To exercise any of these rights, please contact us at info@yitaku.com. We will respond within the timeframes set by GDPR.

You also have the right to lodge a complaint with the Maltese data protection authority, the Office of the Information and Data Protection Commissioner (IDPC), if you believe we have not handled your personal data in accordance with the law:

• Website: www.idpc.gov.mt
• Email: idpc.info@idpc.org.mt
• Address: Level 2, Airways House, Triq il-Kbira, San Ġiljan STJ 1612, Malta

We have implemented appropriate technical and organisational measures to protect your personal data against unauthorised access, accidental loss, disclosure, or destruction. These measures include:

• Encryption of personal data in transit (HTTPS/TLS) and at rest
• Restricted access to personal data on a need-to-know basis
• Secure password storage using industry-standard hashing
• Regular review of our security practices and our service providers' security practices
• Vetting of all service providers we use for compliance with GDPR and adequate security standards

Despite our efforts, no security measure is perfect. If we become aware of a personal data breach that is likely to result in a risk to your rights and freedoms, we will notify the Office of the Information and Data Protection Commissioner within 72 hours and, where required, notify you directly without undue delay.

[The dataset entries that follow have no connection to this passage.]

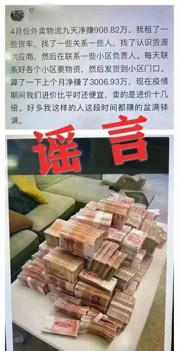 4月23日,“警民直通车上海”发布警情通告:近日,一篇所谓“个人利用疫情高价倒卖物资,一个月获利上千万”的帖子在网络流传。经警方调查,信某(男,32岁)疫情期间封控在家,为博取眼球、吸引关注,于2022年4月10日在网上虚构了自己“在疫情期间租用货车,高价倒卖物资,仅九天净赚人民币908.82万元,3月份赚了人民币3006.93万元”等不实言论,并配了一张从网上下载的桌上堆满人民币的照片,引起网民大量关注,产生不良社会影响。
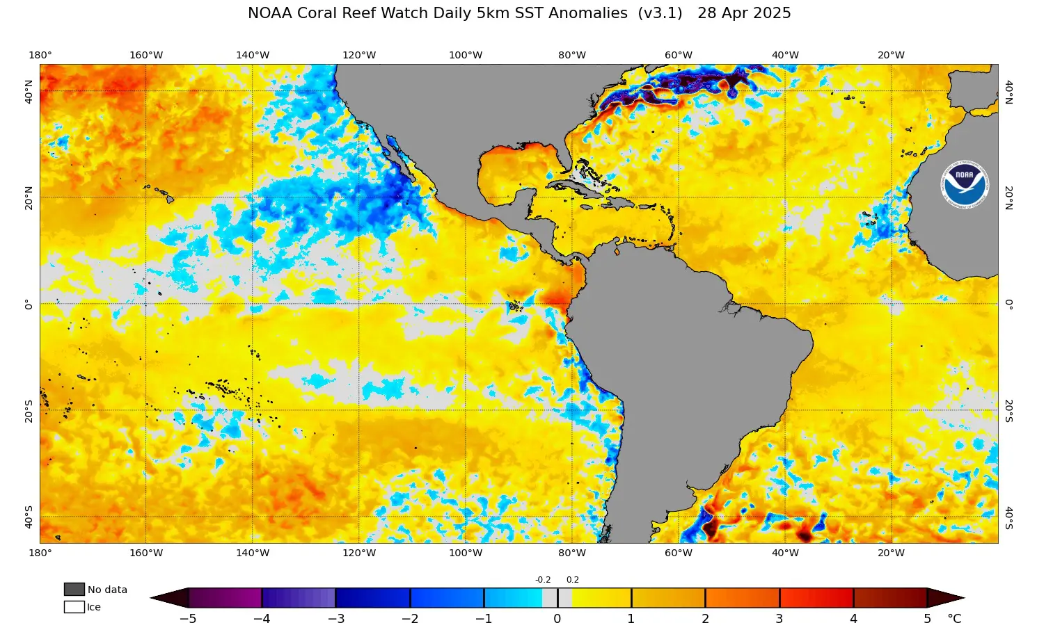 De acordo com o último boletim semanal da Administração Nacional de Oceanos e Atmosfera (NOAA), dos Estados Unidos, a anomalia de temperatura da superfície do mar era de +0,00ºC na denominada região Niño 3.4, no Pacífico Equatorial Central, que é usada oficialmente para definir se há um El Niño na forma clássica e de impacto global. O valor é de neutralidade absoluta.
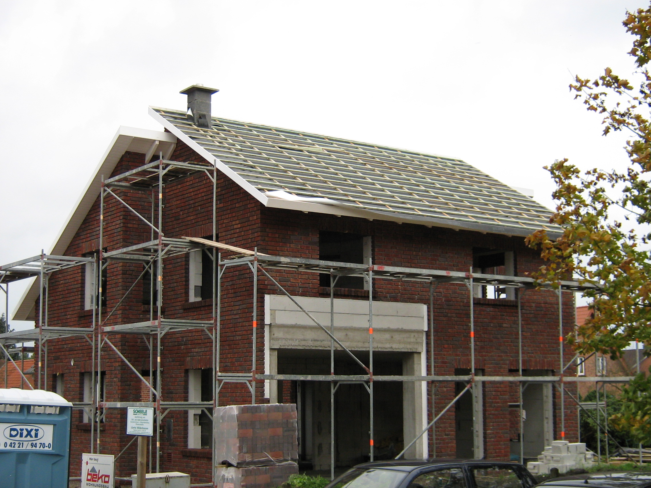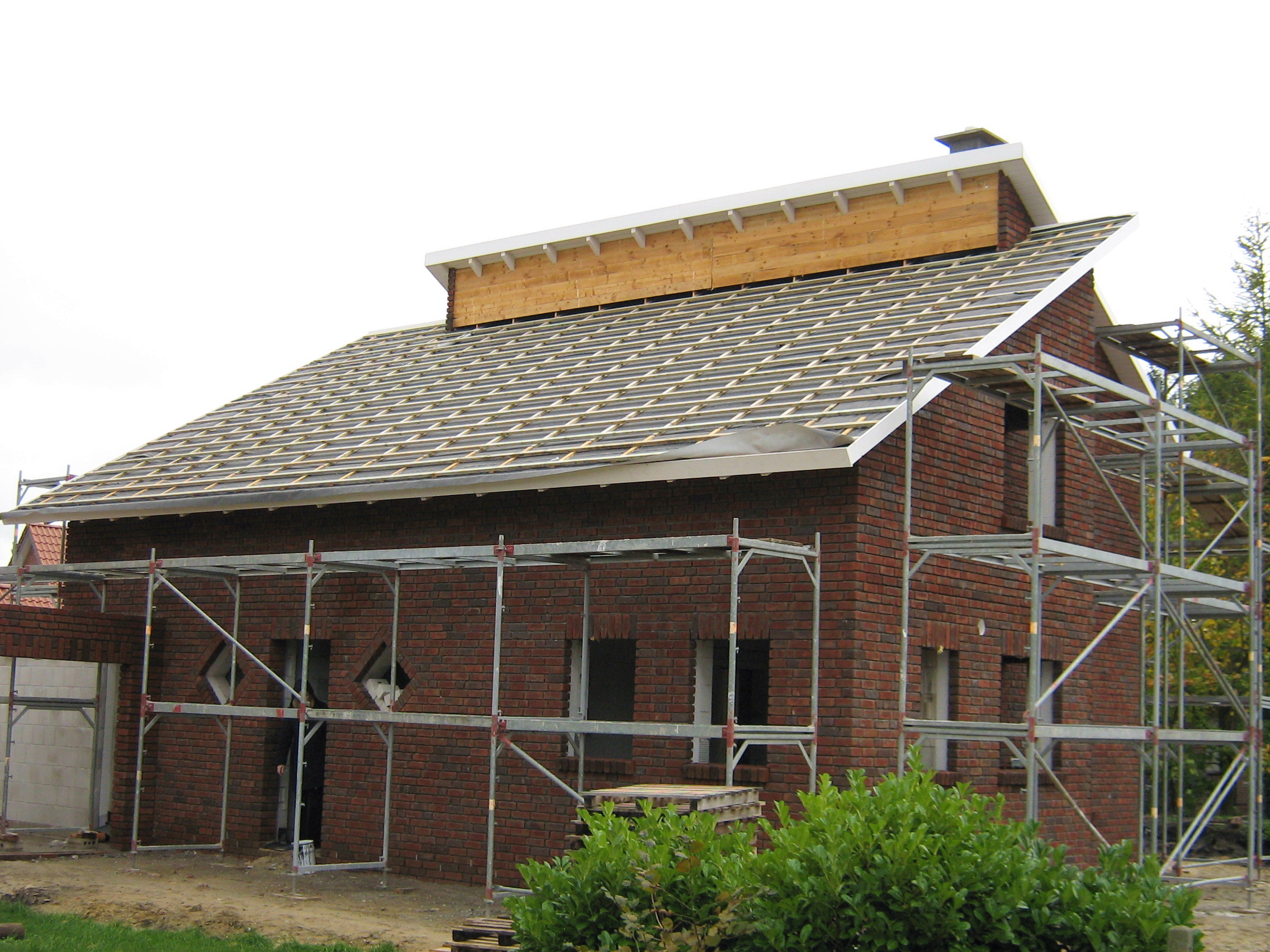 Eigentlich hätte dann ja auch direkt danach der Dachdecker weitermachen und das Dach decken können. Es gab da aber wohl mit dem ursprünglich von der Firma beko vorgesehenen Dachdeckerbetrieb einige "Schwierigkeiten" und so ließ das Dach noch auf sich warten. Erst Mitte November war es dann soweit.
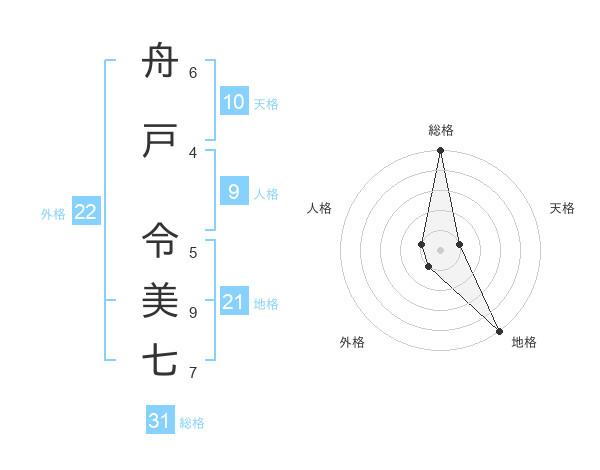 舟戸 令美七さんを姓名の画数から五運を鑑定
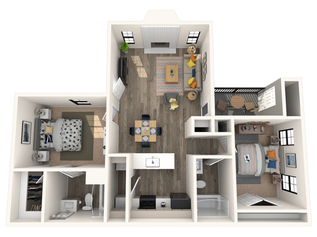 2 Dormitorios, 2 Baños, 855 pies²Disponible AhoraGalería del Modelo
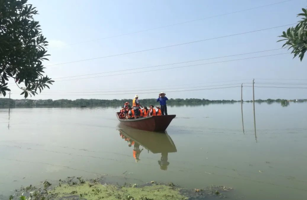 14日8:30,在臨時渡口,所有群眾排隊穿戴救生衣,在我們的指導下有序上船。“洪水無情,郵政有情,你們真是好樣的!”“感謝你們為我們保駕護航!”鄉親們對此很是支持,都說郵政干的是服務百姓的好事,我的心也暖暖的。看著滿載保障受災群眾生活物資的“郵船”,我感覺它似乎變得輕盈起來,駛過洪水漫過的蔬菜棚頂、劃過沒頂的樹冠,在洪流中破浪前行,全速前進。
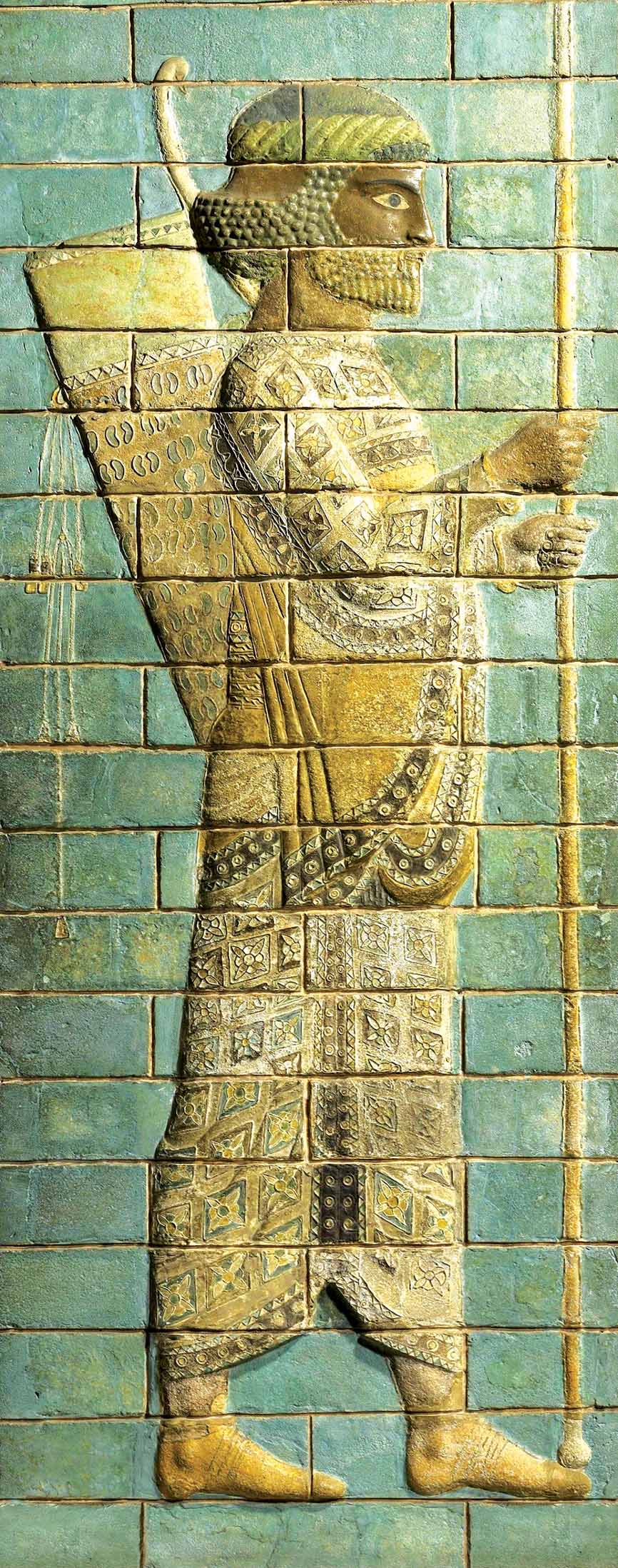 تزئینات به جای مانده از زمان هخامنشیان حکایت از کاربرد آجرهای لعابدار رنگین و منقوش و ترکیب آنها دارد، بدنه ساختمانهای شوش و تخت جمشید با چنین تلفیقی آرایش شدهاند، دو نمونه جالب توجه از این نوع کاشیکاری در شوش به دست آمده که به «شیران وتیراندازان» معروف است. علاوه بر موزون بودن و رعایت تناسب که در ترکیب اجزاء طرحها به کار رفته، نقش اصلی همچنان حکایت از وضعیت و هویت واقعی سربازان دارد. چنان که چهرهها از سفید تا تیره و بالاخره سیاه رنگ است، وسایل زینتی مانند گوشواره و دستبندهایی از طلا در بردارند و یا کفشهایی از چرم زرد رنگ به پا دارند. از تزئینات کاشی همچنین برای آرایش کتیبهها نیز استفاده شده است. رنگ متن اصلی کاشیهای دوره هخامنشیان اغلب زرد، سبز و قهوهای میباشد و لعاب روی آجرها از گچ و خاک پخته تشکیل شده است.
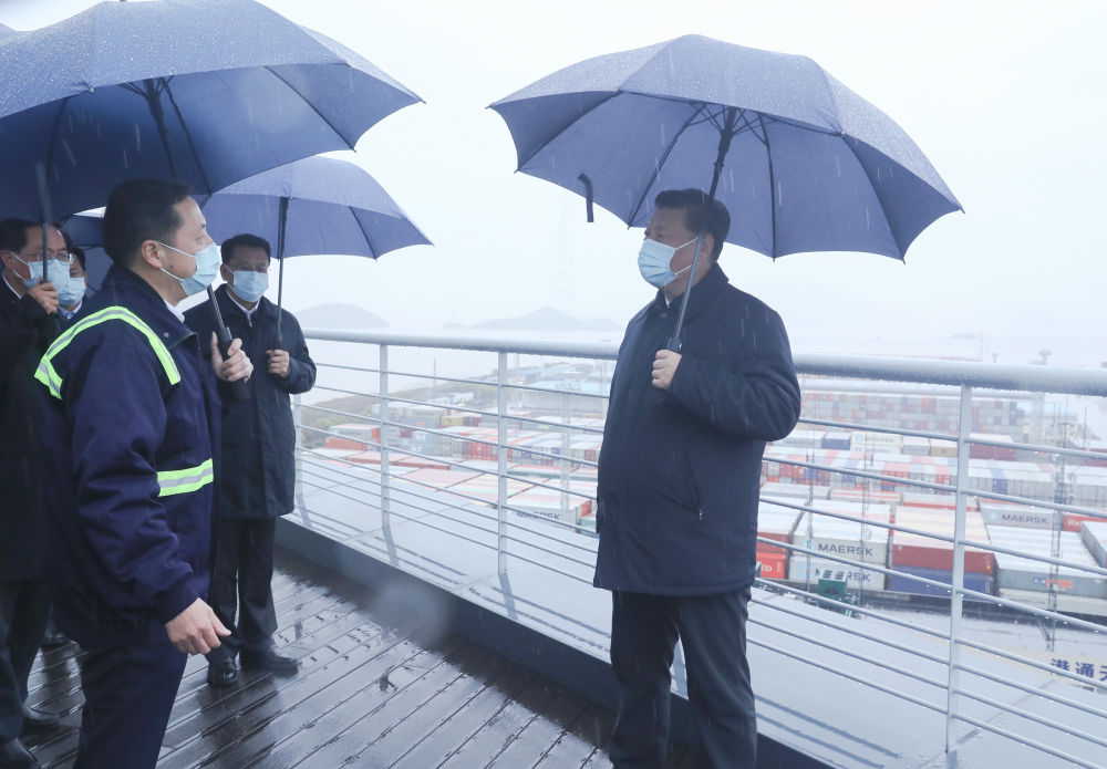 從新華社發(fā)出的現(xiàn)場(chǎng)照片看,總書記在寧波舟山港穿山港區(qū)碼頭上沒有佩戴口罩?!?

Our services are not directed to children under the age of 18. By creating an account or using our services, you confirm that you are at least 18 years old, or that you are the parent or guardian of a minor and consent to that minor's use of our services.

We do not knowingly collect personal data from anyone under 18. If we become aware that we have collected personal data from a person under 18 without proper parental consent, we will take steps to delete that data promptly. If you believe that a child under 18 has provided personal data to us, please contact us at info@yitaku.com.

We may update this privacy policy from time to time to reflect changes in our practices, our services, or applicable law. When we make material changes, we will:

• Update the "Last updated" date at the top of this policy
• Notify you by email or through a prominent notice on our platform where the changes are material

This policy supersedes any earlier versions. We encourage you to review the policy periodically to stay informed about how we protect your personal data.

For any questions about this privacy policy, or to exercise any of your rights, please contact us:

• Email: info@yitaku.com
• Website: www.yitaku.com
• Company: Yitaku Limited, registered in Malta with company number C101893

This privacy policy is effective from 25 May 2026.